The Secret Speech

Wednesday April 22, 2009 in books read 2009 |

Last year I was very impressed with Tom Rob Smith’s Soviet thriller Child 44. The novel reached the Booker longlist, much to the horror of many critics who thought a commercial crime thriller far too lowbrow. I found this view somewhat sniffy; Child 44 is generally a well written and intriguing crime novel. My only criticism was in how Smith all too eagerly set things up at the end for a sequel. Now the sequel has come.

cover of The Secret Speech by Tom Rob SmithAnd oh dear oh dear. Whilst I defended Child 44 against those who accused Smith of being a Dan Brown in the waiting, I have no defence whatsoever for The Secret Speech. This is a book clumsily written and so preposterous that you’ll want to throw it across the room (or in my case out of the hotel room window). Where Child 44 ended with the whispers of a follow up, Smith must have sat around doing very little until his publishers started banging in his door and demanding it. It stinks of a book written in great haste, and one that is little more that a hastily sketched out screenplay in the guise of a hardback.

I don’t normally write bad reviews, but Smith has annoyed me greatly because I’m convinced that he does have talent, and there are parts of The Secret Speech that show what a better book it might have been (albeit only one character convincingly portrayed: the captain of the prison ship that features was very well written for example, which made me question what went wrong with the rest of the book). Otherwise there are too many big scenes that cry out for the attention of the cinema; the detonation of a church, a storm and a revolt at sea, a chase through the sewers.

The Secret Speech catches up with Leo Demidov from Child 44, now heading a unique homicide division (unique because Stalinist Russia had previously denied the existence of anything like murder in their regime where murder was the privilege of the state). Leo and his wife are also coping with adoption (the two girls they took care of after their parents were murdered in the first book). A series of murders surround both publication of Khrushchev’s “secret speech” denouncing Stalin and the incarceration of a former priest arrested years before by a younger Leo. One of Leo’s daughters is subsequently kidnapped and the ransom involves Leo posing as a prisoner in the Gulags in order to help the priest escape.

I can’t really go on as the plot becomes sillier and sillier. In prison Leo meets a crazy governor who reminds of Kurtz in Heart of Darkness. There’s a tough female villain who heads up a Russian gang of cardboard criminals and a twist that looks like it’s going to save the novel but then fails; it all ends stupidly. So unfortunately, and it pains me to say this, The Secret Speech really does to prove that Tom Rob Smith is a Dan Brown in the waiting. And that might even be an insult to Dan Brown; The Da Vinci Code is a much better book.

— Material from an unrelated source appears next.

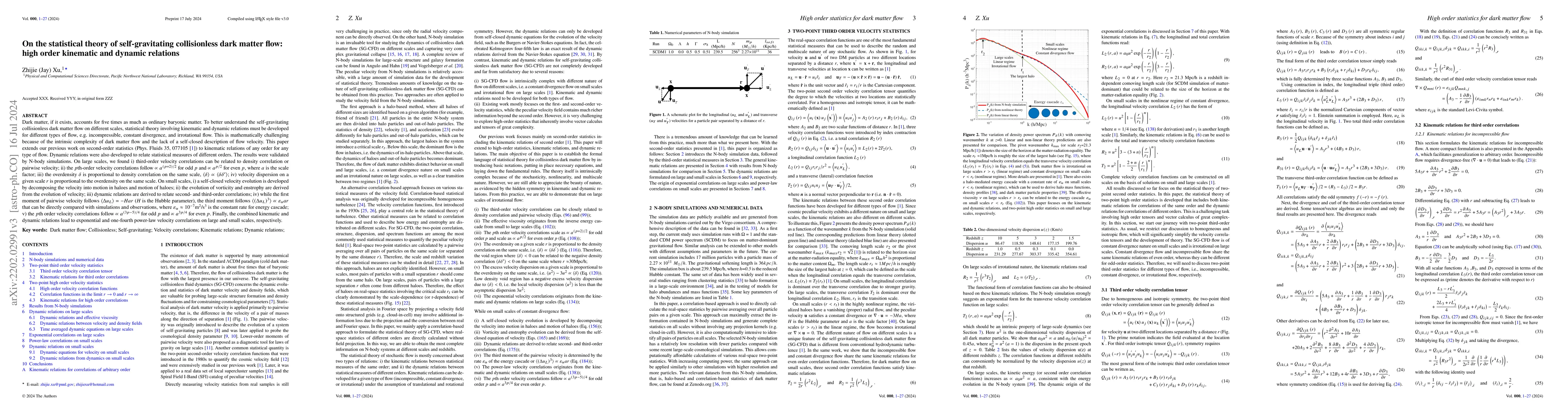 Statistical theory for self-gravitating collisionless dark matter flow is not fully developed because of 1) intrinsic complexity involving constant divergence flow on small scale and irrotational flow on large scale; 2) lack of self-closed description for peculiar velocity; and 3) mathematically challenging. To better understand dark matter flow, kinematic and dynamic relations must be developed for different types of flow. In this paper, a compact derivation is presented to formulate general kinematic relations of any order for incompressible, constant divergence, and irrotational flow. Results are validated by N-body simulation. Dynamic relations can only be determined from self-closed description of velocity evolution. On large scale, we found i) third order velocity correlation can be related to density correlation or pairwise velocity; ii) effective viscosity in adhesion model originates from velocity fluctuations; iii) negative viscosity is due to inverse energy cascade; iv) $q$th order velocity correlations follow $\propto a^{(q+2)/2}$ for odd $q$ and $\propto a^{q/2}$ for even $q$; v) overdensity is proportional to density correlation on the same scale, $\langle\delta\rangle\propto\langle\delta\delta'\rangle$; vi) (reduced) velocity dispersion is proportional to density correlation on the same scale. On small scale, self-closed description for velocity evolution is developed by decomposing velocity into motion in halo and motion of halos. Vorticity, enstrophy, and energy evolution can all be derived subsequently. Dynamic relation is derived to relate second and third order correlations. Third moment of pairwise velocity is determined by energy cascade rate $\epsilon_u$ or $\langle(\Delta u_L)^3\rangle\propto\epsilon_uar$. Combined kinematic and dynamic relations determines the exponential and one-fourth power law velocity correlations on large and small scales, respectively.

Love the last line. Just when you think it can’t get any worse than Dan Brown, it does.

I just picked up “Child 44.” Should be interesting, as I generally turn up my nose at books like this. I used to devour thrillers like they were going out of style, so I like to revisit the genre from time to time.

Brandon    Thursday May 21, 2009   

I thought Child 44 was good holiday reading. Then something went horribly wrong with Smith; The Secret Speech is a book that can ruin a holiday.